BEGIN

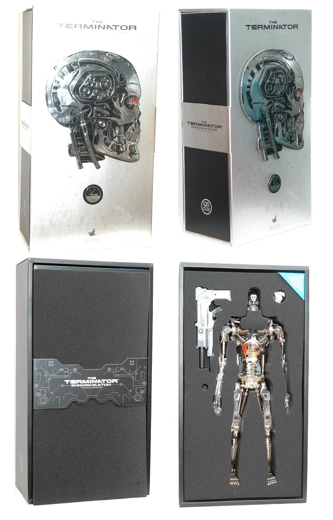 Packaged in a large, eye-catching silver and black box and featuring a die-cut Terminator Endoskeleton's head on the front, the Hot Toys QS002 figure looks amazing - even before you actually see it. Once the package is opened, one finds the 1/4 scale figure and accessories packaged inside the box, surrounded by durable foam to ensure they're protected. Under the first layer of foam, the figure base and the additional, exclusive plasma rifle accessory is packaged.
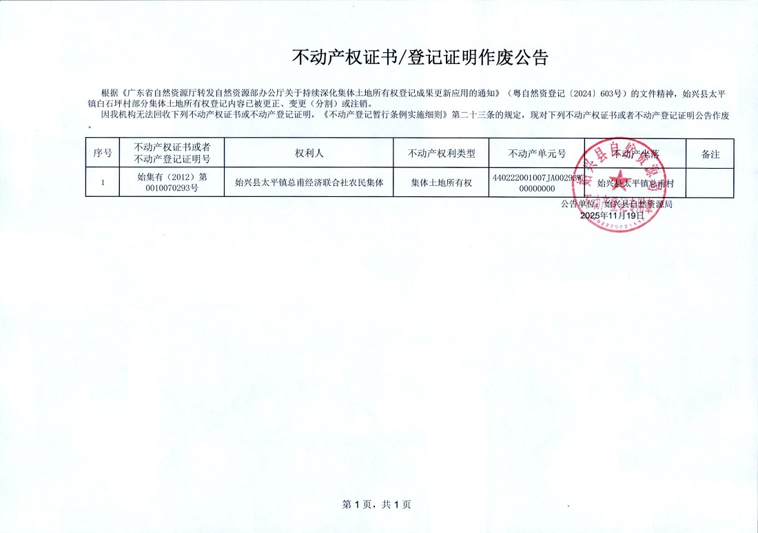 不动产权证书作废公告(始兴县太平镇总甫经济联合社农民集体)
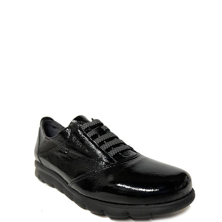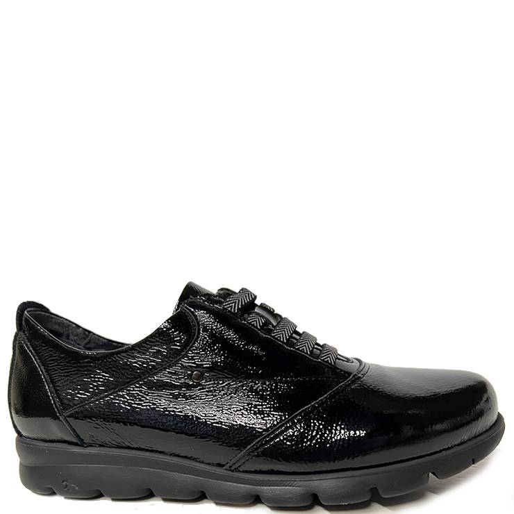 Zapatos fabricados en charol con cordones elásticos y suela dentada. Un básico que aporta comodidad y confort para el día a día.
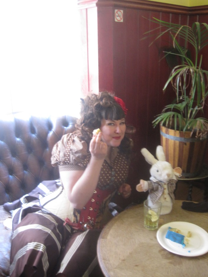Jema eating cake, accompanied by Mr. Woppit
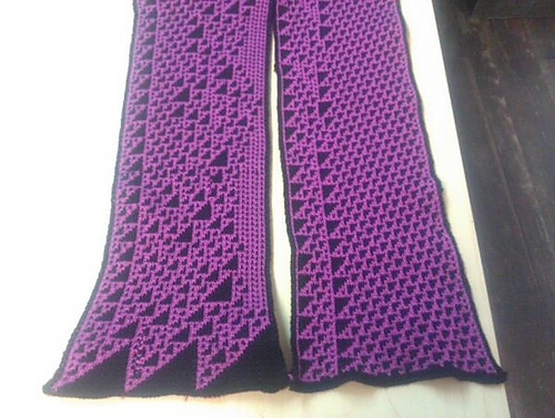 If you remember our post about Fabienne Serrière’s amazing Cellular Automaton Scarves Kickstarter back in 2015, you’ll be pleased to hear Fabienne has now put the patterns, and all the code you need to make your own scarves, online on her Ravelry page. If you have a knitting machine and are prepared to hack it to…
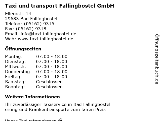 Branchen & Suchbegriffe zu Taxi und transport Fallingbostel GmbH:taxi, transport |
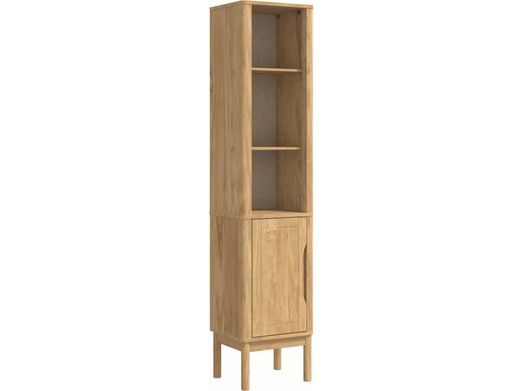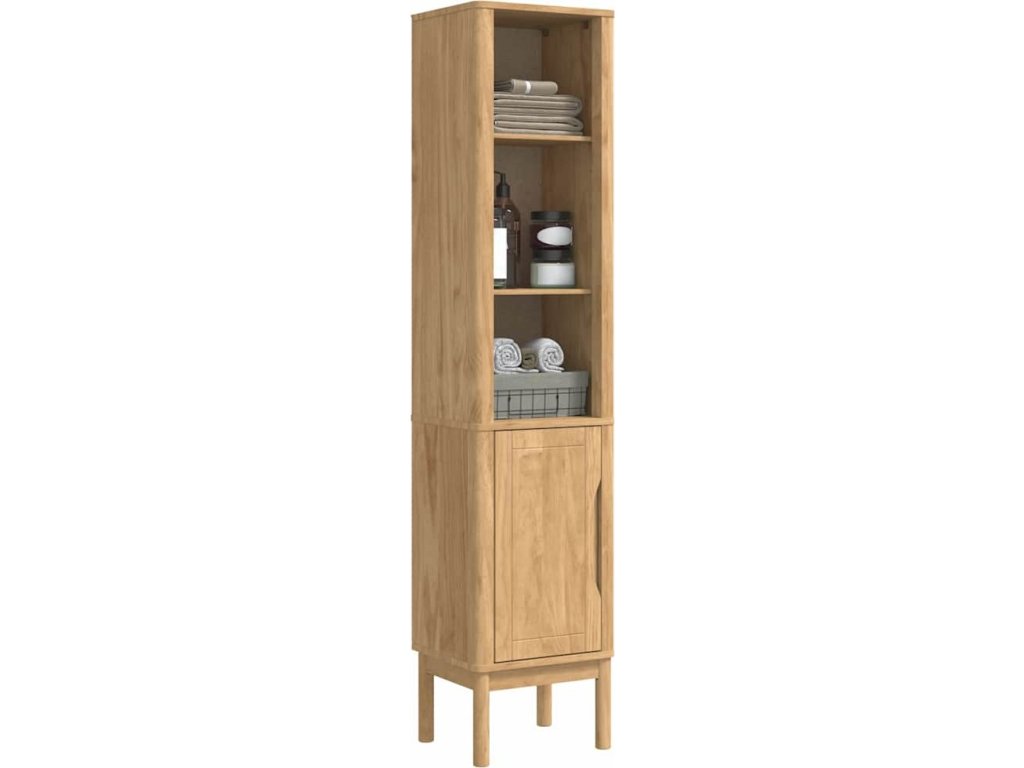 - Masivní borové dřevo: Každý kousek skříně, od rámu po nastavitelné police, je vyrobený z robustního masivního borového dřeva, což zajišťuje trvanlivost a přirozený vzhled. Krásné letokruhy borovice dodávají sofistikovanost a garantují, že skříň vydrží i ve vlhkém prostředí koupelny.
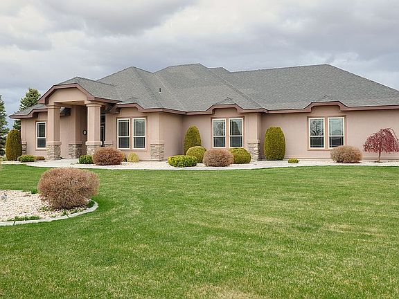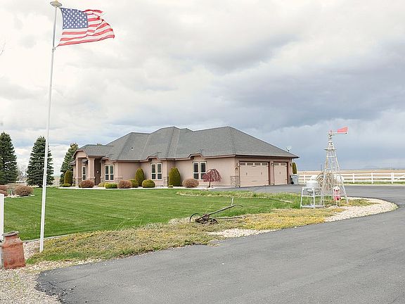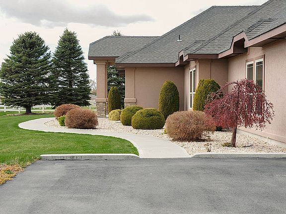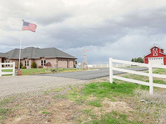 Horse Property with 2.22 acres! This home is spacious, inviting, and all on one level! Many custom-built features. Greeting you as you walk in the door with a large entryway and two bedrooms, or one bedroom and an office. You choose! Large halls leading to the remaining two bedrooms on opposite sides of the home. A large family room in the center of the home that features a gas fireplace, beautiful bookcases and vaulted ceilings with an open floor plan with kitchen, dining, and the perfect pantry. The homes' exterior is beautifully landscaped with established lawn, sprinkler system and many trees. The pasture is fenced and ready for animals. Additional small hobby barn great for yard machines and tools! The view is breathtaking of the mountains and water in the canal, it's a must-see.
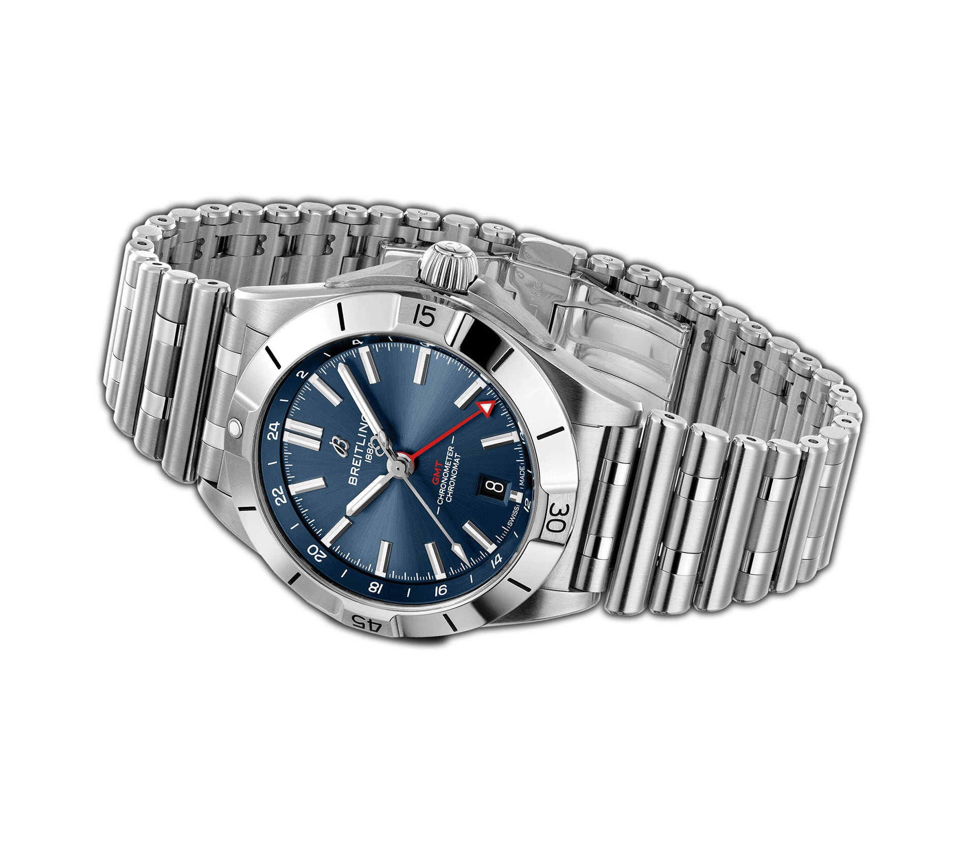 Functions are shown on a blue dial with luminous hands and hours markers. These functions include hours, minutes, sub-seconds, gmt and date.
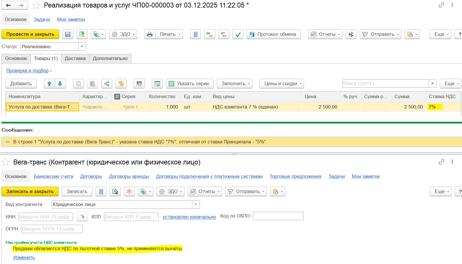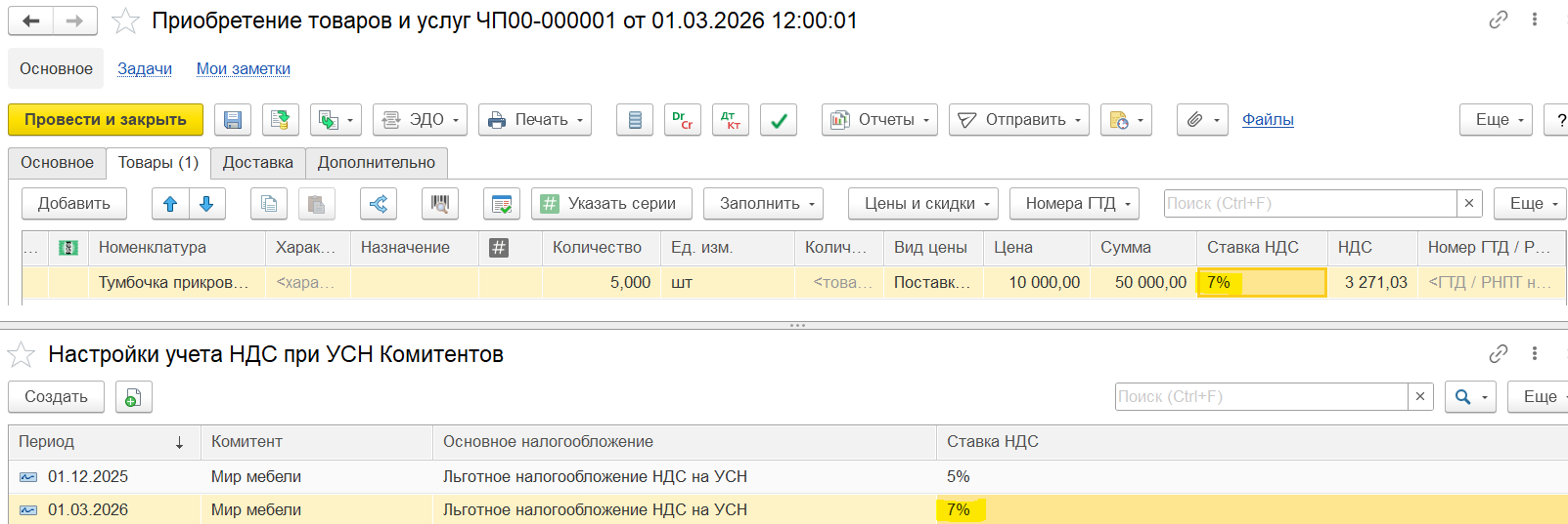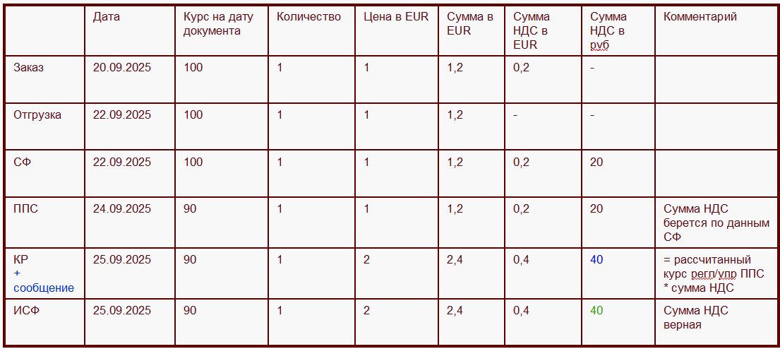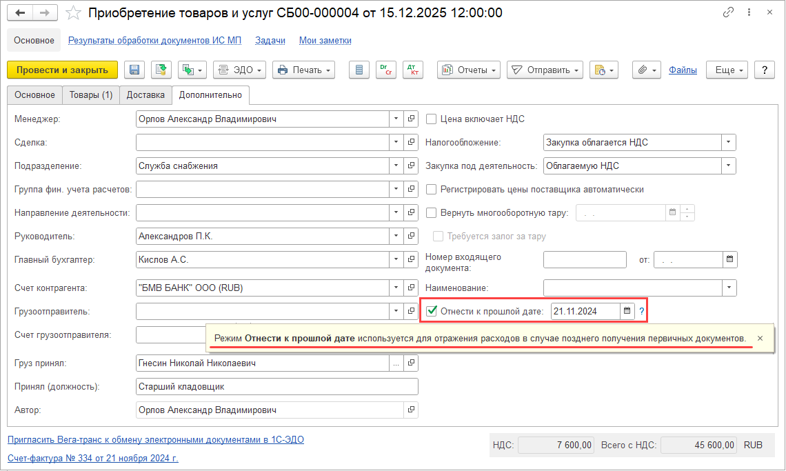 Если в текущем квартале вводится сторно приобретения товаров и услуг предыдущего квартала и в этом же месяце исправляется база распределения предыдущего квартала, то могут возникать восстановления НДС. В данном сценарии рекомендуется использовать поквартальное формирование вычетов и восстановлений НДС (настройка учетной политики организации Периодичность формирования вычетов и восстановлений НДС), чтобы минимизировать лишние вычеты и восстановления.
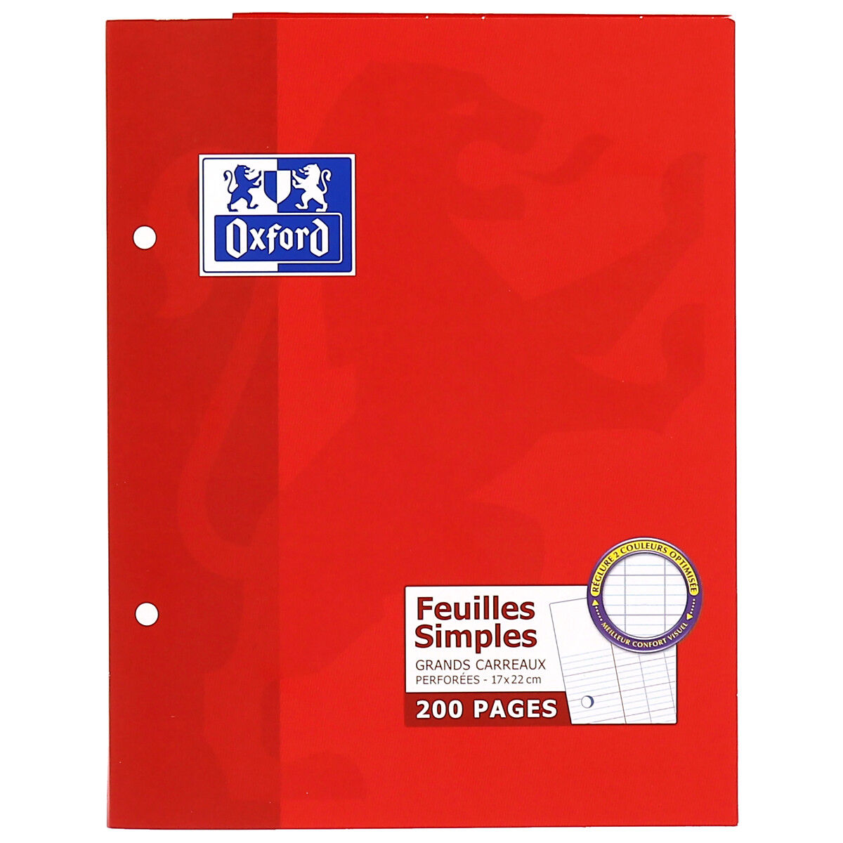PROTECTION : Les feuilles simples sont rangées dans un étui en carte vernie, de couleur orange. Il protège les feuilles et résiste aux imprévus. PERFORATION : Les feuilles sont perforées à 2 trous. Elles se rangement rapidement et facilement dans un classeur. REGLURE : La réglure à grands Carreaux Seyès, en 2 couleurs assure une meilleure lisibilité. Elle permet de réduire l'effet de la fatigue visuelle, tout en améliorant efficacement la concentration. Ce produit est disponible sous les versions de couleurs suivantes : Rouge
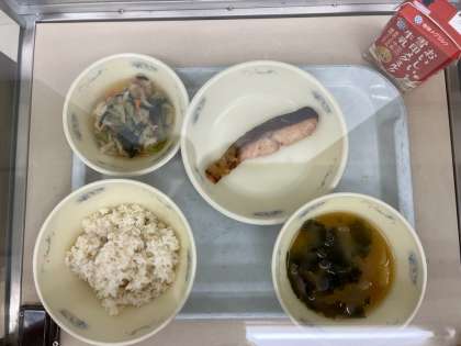 今日の給食は、むぎごはん、牛乳、さけの塩麴焼、小松菜と切り干し大根の煮びたし、みそ汁でした。
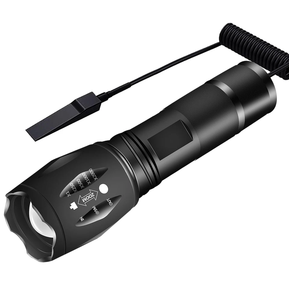 Охотничий фонарик, тактический фонарь с фокусировкой, 5 режимов переключения, для улицы, T6L2Q5, Ультраяркий, водонепроницаемый, с аккумулятором 18650

END

**WHAT YOU NEED TO DO**
Write out again, word for word, the lines from the one holding "今日の給食は、むぎごはん、牛" through the final line of the listing, including both ends but no pictures.

**EXPECTED ANSWER**
 今日の給食は、むぎごはん、牛乳、さけの塩麴焼、小松菜と切り干し大根の煮びたし、みそ汁でした。
 Охотничий фонарик, тактический фонарь с фокусировкой, 5 режимов переключения, для улицы, T6L2Q5, Ультраяркий, водонепроницаемый, с аккумулятором 18650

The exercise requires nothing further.